Interrupted

My Life Thus Far
2016-04-05 07:04:33 (UTC)

I Gotta Let It Go

This entry will be brief, seeing as how I'm already not going to get enough sleep tonight. It's after midnight, and I have to be up no later than 7:30am to get ready for work. I open, we have yet another visit, and DAD WILL BE HERE TOMORROW! It's going to be a big day!

It was a decent day. I can't complain. I didn't have the best day sales-wise, but I honestly don't even care. I made last month, today was Day one of fiscal April, and I've got plenty of time to worry about that later. I had a short shift, and it was lovely. Tomorrow I work a normal day, and it's going to be so tough getting through it knowing dad is so close!

After I got off I went food shopping. I needed to stock up on more fruit, and I got the kids snacks, bread, peanut butter for sandwiches, coffee for my dad. Nothing major. I'm sure we'll get more of the things dad likes when he gets here. The house is all clean and ready for his arrival.

Snookums came home from his first day of the new quarter seeming a little preoccupied. This is his last quarter before graduating with his associates degree. I'm so proud of him for sticking it out. Anyhow, he seemed upset about something. As I suspected (because he's pretty predictable), it's money. Once again we're strapped (like we are a lot lately), and he needs to buy an expensive book for school... and we have bills. It never ends.
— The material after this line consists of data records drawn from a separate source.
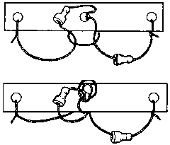 — Очень просто. Смотрите: прежде всего я оттягиваю немножко среднюю петельку и пропускаю в нее один ролик. Теперь я берусь у самой средней дырочки за две веревочки сразу и тяну, пока не протянется у меня на эту сторону вся петля.
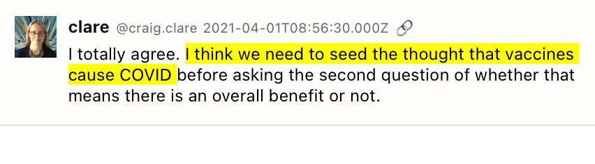 Another speaker was Dr Clare Craig. Who in April 2021 Tweeted, ” I think we need to seed the thought that vaccines cause COVID before asking the second question of whether that means there is an overall benefit or not.”
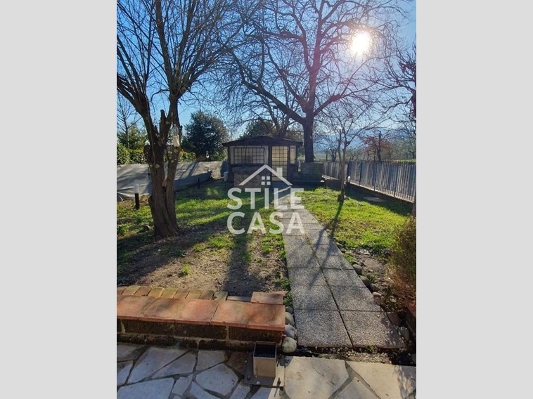La villetta è dotata di un box auto singolo, di giardino esclusivo di circa 250 mq su i tre lati oltre a resede piastrellata utilizzata come posto auto.
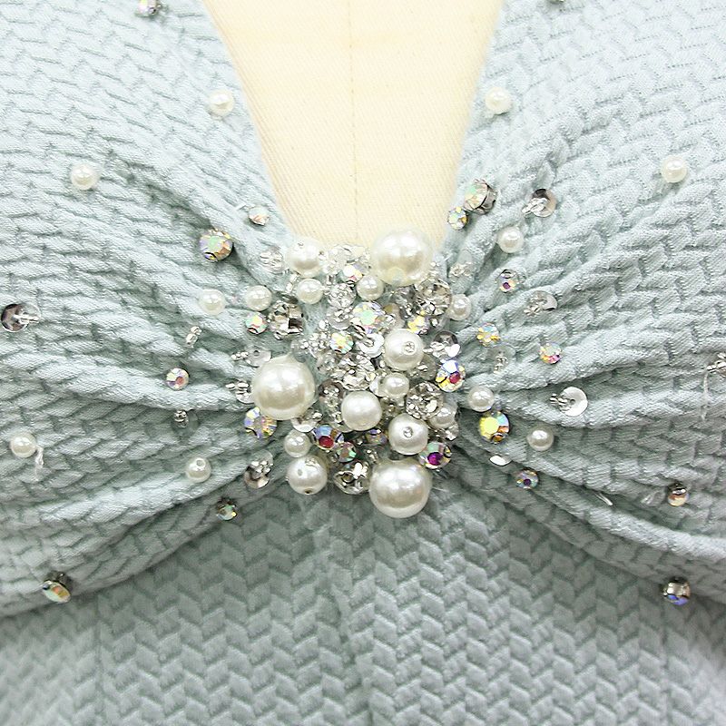 6. [Angel-R/エンジェルアール] 高級ホルターネック襟付きバストパールビジューウエストカットタイトミニドレス
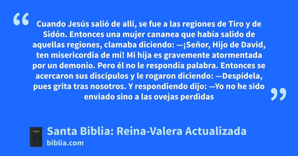Cuando Jesús salió de allí, se fue a las regiones de Tiro y de Sidón. Entonces una mujer cananea que había salido de aquellas regiones, clamaba diciendo: —¡Señor, Hijo de David, ten misericordia de mí! Mi hija es gravemente atormentada por un demonio. Pero él no le respondía palabra. Entonces se acercaron sus discípulos y le rogaron diciendo: —Despídela, pues grita tras nosotros. Y respondiendo dijo: —Yo no he sido enviado sino a las ovejas perdidas
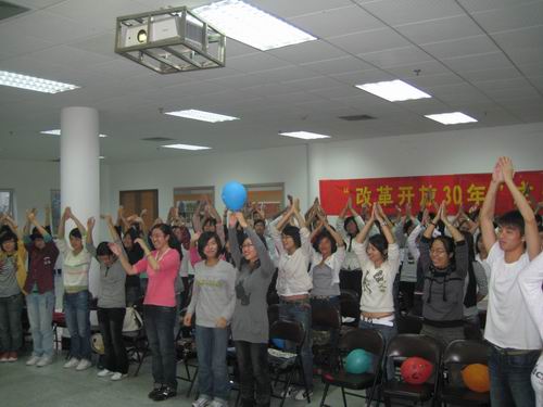 10月28日下午,一场别开生面的团日活动在樱花小说 大学生活动中心素拓室举行。此次活动由07中本二班开展,以“改革开放三十周年”为主题。这场团日活动也是樱花小说 第六期团学干部培训的第二课。
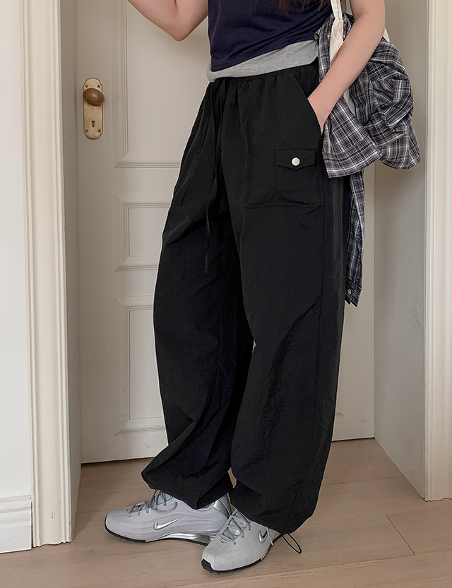 라크 유틸리티 ミニ 포켓 ワイド ゴム パンツ 87126
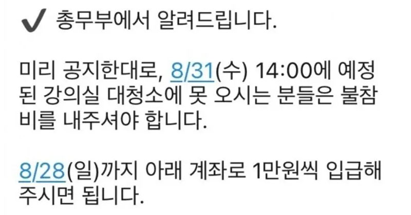 8/28(일)까지 아래 계좌로 1만원씩 입금해주시면 됩니다.”

My solution to this problem was finally getting around to doing our taxes. I don't know why I dread it every year. Nothing has every majorly gone wrong, and yet I have a mini panic attack every year. I guess I fear someday we'll get audited, or the IRS won't accept our return, or it will get rejected. Who knows, but I fear it. More than death, and that's just dumb. Somehow, my wonderful husband fucked up his W-4 when he started working at Trader Joe's. He had zero dollars removed from his paycheck. Not one single dollar. Resulting in a $3,000 tax obligation. Which means all but $2,000 of the almost $5,000 I paid in taxes last year went to cover his debt. A debt he didn't need to have. I won't lie and say I was pleasant about it. He got an earful. Or two. If he wasn't sure how to fill out the fucking form, why didn't he just ask? There's no going back now. I did have him go in and fix it for this year, so we aren't in the same position next year. It's just really frustrating seeing what we would have gotten back had he not messed up. It's still nothing to shake a stick at, but still... ugh. I gotta let it go.